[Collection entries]
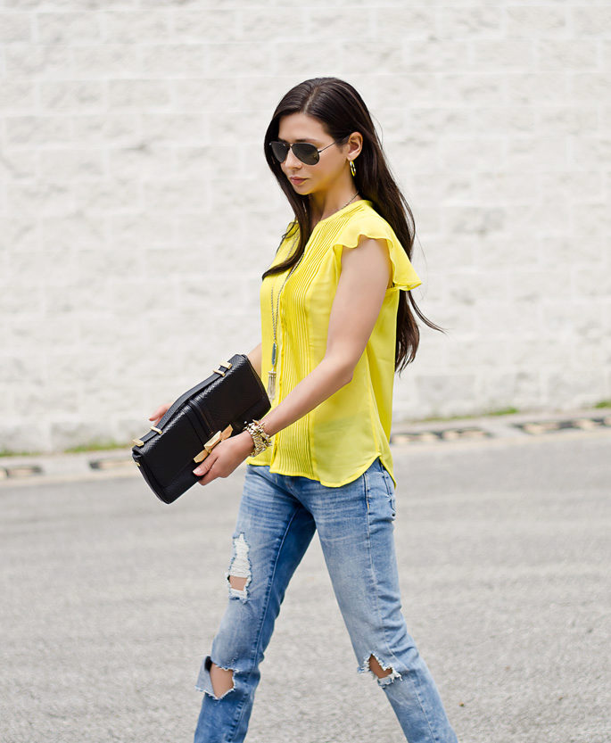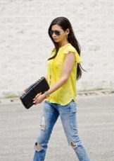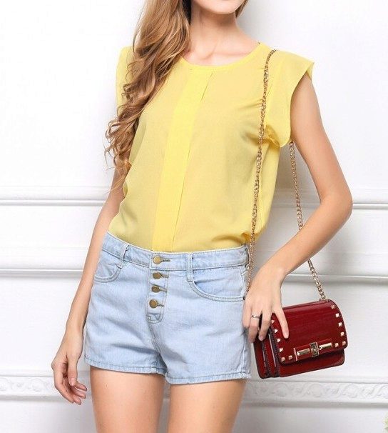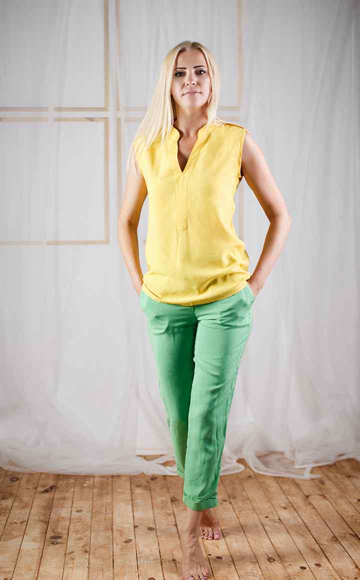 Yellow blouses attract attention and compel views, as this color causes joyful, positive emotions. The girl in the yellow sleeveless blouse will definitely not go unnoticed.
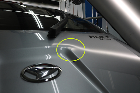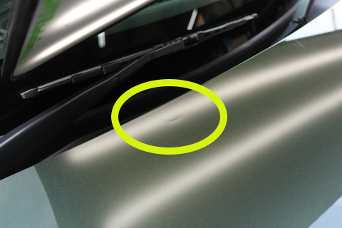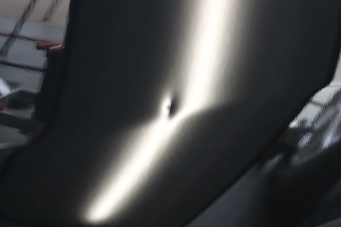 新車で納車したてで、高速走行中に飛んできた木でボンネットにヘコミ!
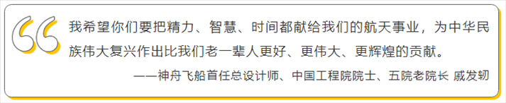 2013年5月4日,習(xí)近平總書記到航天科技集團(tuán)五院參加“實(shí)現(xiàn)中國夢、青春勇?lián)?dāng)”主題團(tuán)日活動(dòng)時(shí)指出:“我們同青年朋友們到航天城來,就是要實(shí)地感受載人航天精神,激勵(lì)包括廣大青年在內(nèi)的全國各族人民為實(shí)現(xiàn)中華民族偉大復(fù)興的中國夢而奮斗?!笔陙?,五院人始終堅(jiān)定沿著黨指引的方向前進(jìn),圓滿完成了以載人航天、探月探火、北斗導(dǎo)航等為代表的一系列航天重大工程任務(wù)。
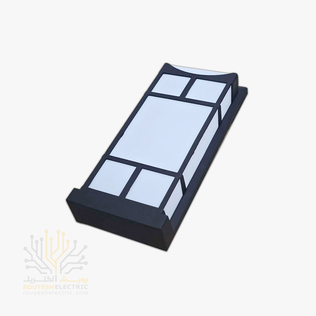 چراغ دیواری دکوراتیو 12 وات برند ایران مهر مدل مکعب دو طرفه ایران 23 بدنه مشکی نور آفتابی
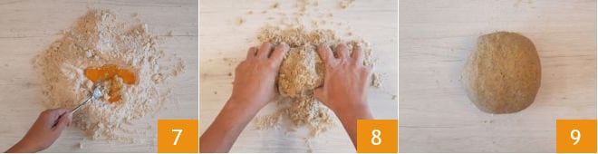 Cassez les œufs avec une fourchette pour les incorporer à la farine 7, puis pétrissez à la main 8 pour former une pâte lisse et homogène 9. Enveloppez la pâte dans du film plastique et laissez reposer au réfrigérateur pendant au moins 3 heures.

[Description of the task] Return the lines of the data above in full and exactly, with no pictures.

[Solved problem]
 Yellow blouses attract attention and compel views, as this color causes joyful, positive emotions. The girl in the yellow sleeveless blouse will definitely not go unnoticed.
 新車で納車したてで、高速走行中に飛んできた木でボンネットにヘコミ!
 2013年5月4日,習(xí)近平總書記到航天科技集團(tuán)五院參加“實(shí)現(xiàn)中國夢、青春勇?lián)?dāng)”主題團(tuán)日活動(dòng)時(shí)指出:“我們同青年朋友們到航天城來,就是要實(shí)地感受載人航天精神,激勵(lì)包括廣大青年在內(nèi)的全國各族人民為實(shí)現(xiàn)中華民族偉大復(fù)興的中國夢而奮斗?!笔陙?,五院人始終堅(jiān)定沿著黨指引的方向前進(jìn),圓滿完成了以載人航天、探月探火、北斗導(dǎo)航等為代表的一系列航天重大工程任務(wù)。
 چراغ دیواری دکوراتیو 12 وات برند ایران مهر مدل مکعب دو طرفه ایران 23 بدنه مشکی نور آفتابی
 Cassez les œufs avec une fourchette pour les incorporer à la farine 7, puis pétrissez à la main 8 pour former une pâte lisse et homogène 9. Enveloppez la pâte dans du film plastique et laissez reposer au réfrigérateur pendant au moins 3 heures.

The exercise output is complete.